Information provided
[Start of section]
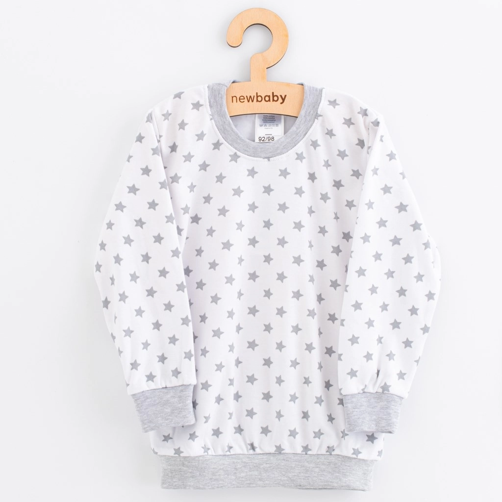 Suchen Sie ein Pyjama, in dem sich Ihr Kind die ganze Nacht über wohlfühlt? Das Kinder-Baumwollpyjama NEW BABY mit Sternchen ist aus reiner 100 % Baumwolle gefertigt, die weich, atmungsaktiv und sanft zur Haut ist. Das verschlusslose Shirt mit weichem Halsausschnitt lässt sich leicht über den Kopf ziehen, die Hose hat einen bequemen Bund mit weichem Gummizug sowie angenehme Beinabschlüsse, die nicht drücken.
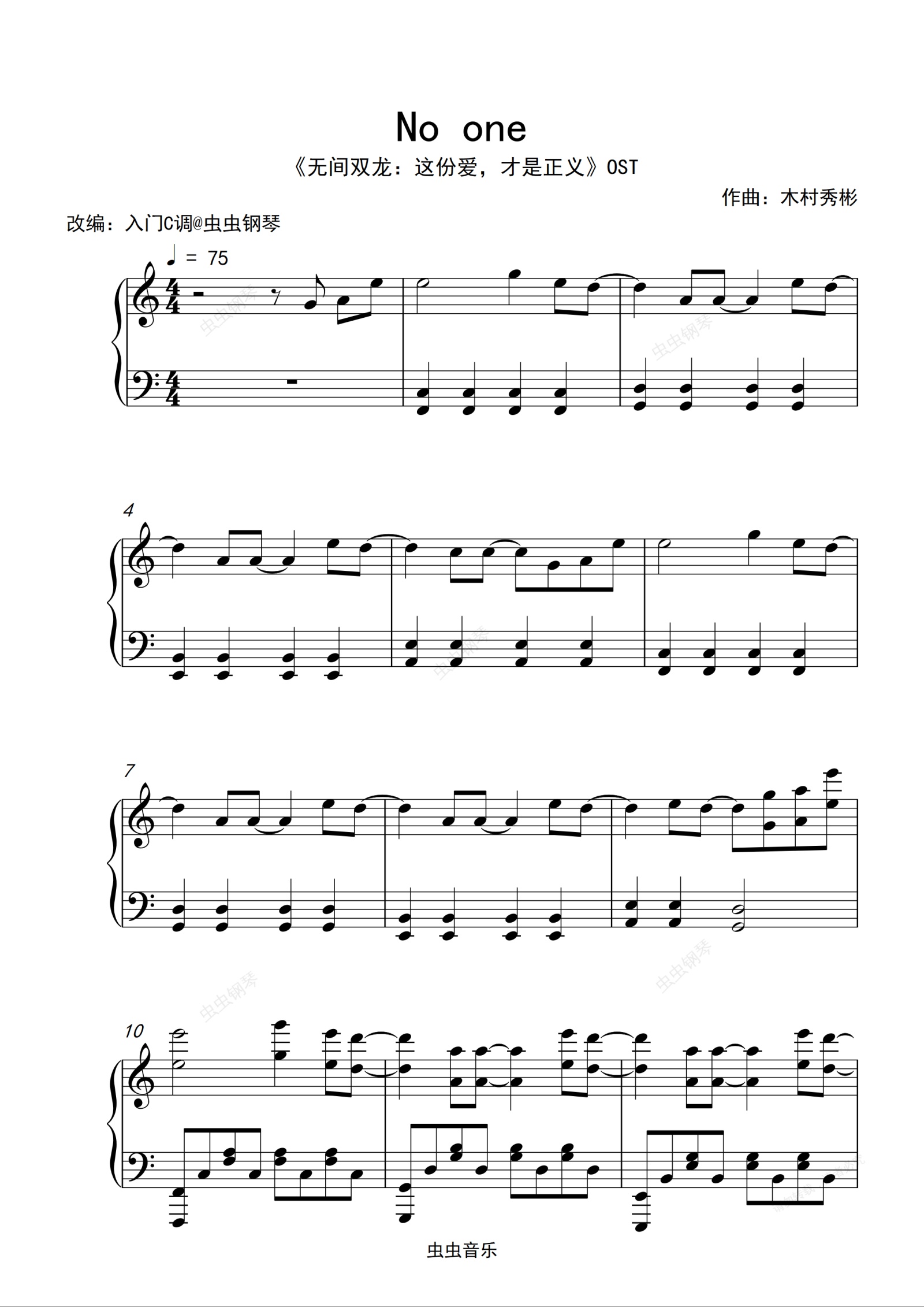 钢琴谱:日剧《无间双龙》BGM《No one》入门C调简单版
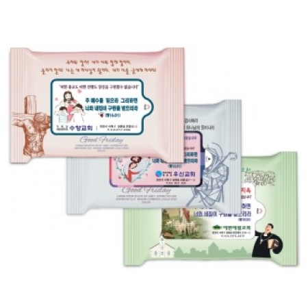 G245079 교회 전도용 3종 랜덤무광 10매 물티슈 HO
[End of section]
What the task requires
Retype all of the listing word for word and skip the pictures.

Answer space
 Suchen Sie ein Pyjama, in dem sich Ihr Kind die ganze Nacht über wohlfühlt? Das Kinder-Baumwollpyjama NEW BABY mit Sternchen ist aus reiner 100 % Baumwolle gefertigt, die weich, atmungsaktiv und sanft zur Haut ist. Das verschlusslose Shirt mit weichem Halsausschnitt lässt sich leicht über den Kopf ziehen, die Hose hat einen bequemen Bund mit weichem Gummizug sowie angenehme Beinabschlüsse, die nicht drücken.
 钢琴谱:日剧《无间双龙》BGM《No one》入门C调简单版
 G245079 교회 전도용 3종 랜덤무광 10매 물티슈 HO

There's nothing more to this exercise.